▸ **Task details**:
Take the lines from the one containing "Crafted from solid" through the final line below and restate them exactly. Omit the pictures.

▸ **Provided material**:
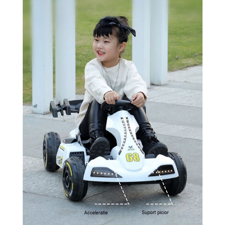 Masinuta Electrica Flippy, Tip Kart, cu Telecomanda, Dimensiune Reglabila, 2 Viteze, Sistem de Lumini si Sunet, Pentru Copii intre 1.2 - 1.6 Inaltime, 105 x 55 x 50 cm, Alb
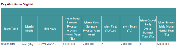 Şirketimiz'in sermayesinin tamamına sahip olduğu Doğan Enerji Yatırımları Sanayi ve Ticaret A.Ş.'nin, tamamı ödenmiş 636.000.000 Türk Lirası sermayesinde %50 oranında doğrudan pay sahibi olduğu dolaylı bağlı ortaklığımız Aytemiz Akaryakıt Dağıtım A.Ş.'nin; 09 Ağustos 2019 tarihinde (bugün), 350 gün vadeli, 3 aylık TRLIBOR+%1,50 yıllık basit faiz oranı (1'inci kupon dönemsel faiz oranı %5,0847) referans alınmak suretiyle hesaplanan, üç ayda bir faiz ödemeli kuponlu finansman bonosu ihracı gerçekleştirdiği; ihraç tutarının toplam nominal değerinin 50.000.000 Türk Lirası ve 1,00 Türk Lirası itibari değerli olduğu; ihraç edilecek finansman bonolarının çoğunluğunun (%90) satışının Doğan Grubu dışındaki şirketlere yapıldığı görülerek;
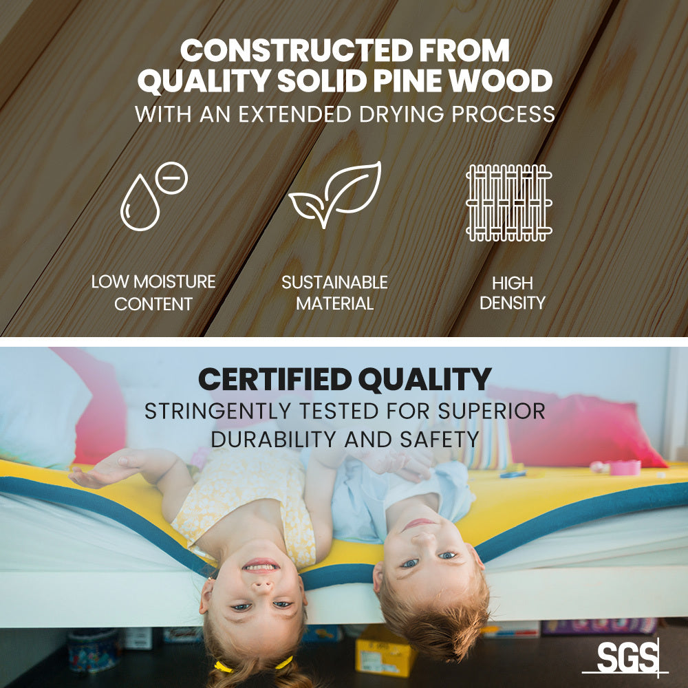 Crafted from solid high-quality sustainably sourced timber and is compatible with standard Australian single and double sized mattresses. Safety is paramount with SGS-certified quality, rigorously tested for superior durability. The bed features durable plywood slats and a solid, secure ladder. It even features an exclusive toy shelf which is sure to be a nice home for their favourites.
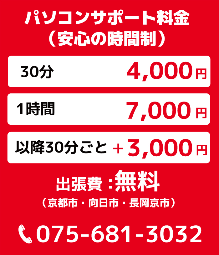 京都市南区・伏見区・向日市・長岡京市を中心に、パソコン修理・SSD交換・動作改善・メール設定・ネット接続トラブルなど、内容によって料金が異なります。作業前に必ずお見積りを提示し、わかりやすい料金体系で対応しております。

▸ **The completed task**:
 Crafted from solid high-quality sustainably sourced timber and is compatible with standard Australian single and double sized mattresses. Safety is paramount with SGS-certified quality, rigorously tested for superior durability. The bed features durable plywood slats and a solid, secure ladder. It even features an exclusive toy shelf which is sure to be a nice home for their favourites.
 京都市南区・伏見区・向日市・長岡京市を中心に、パソコン修理・SSD交換・動作改善・メール設定・ネット接続トラブルなど、内容によって料金が異なります。作業前に必ずお見積りを提示し、わかりやすい料金体系で対応しております。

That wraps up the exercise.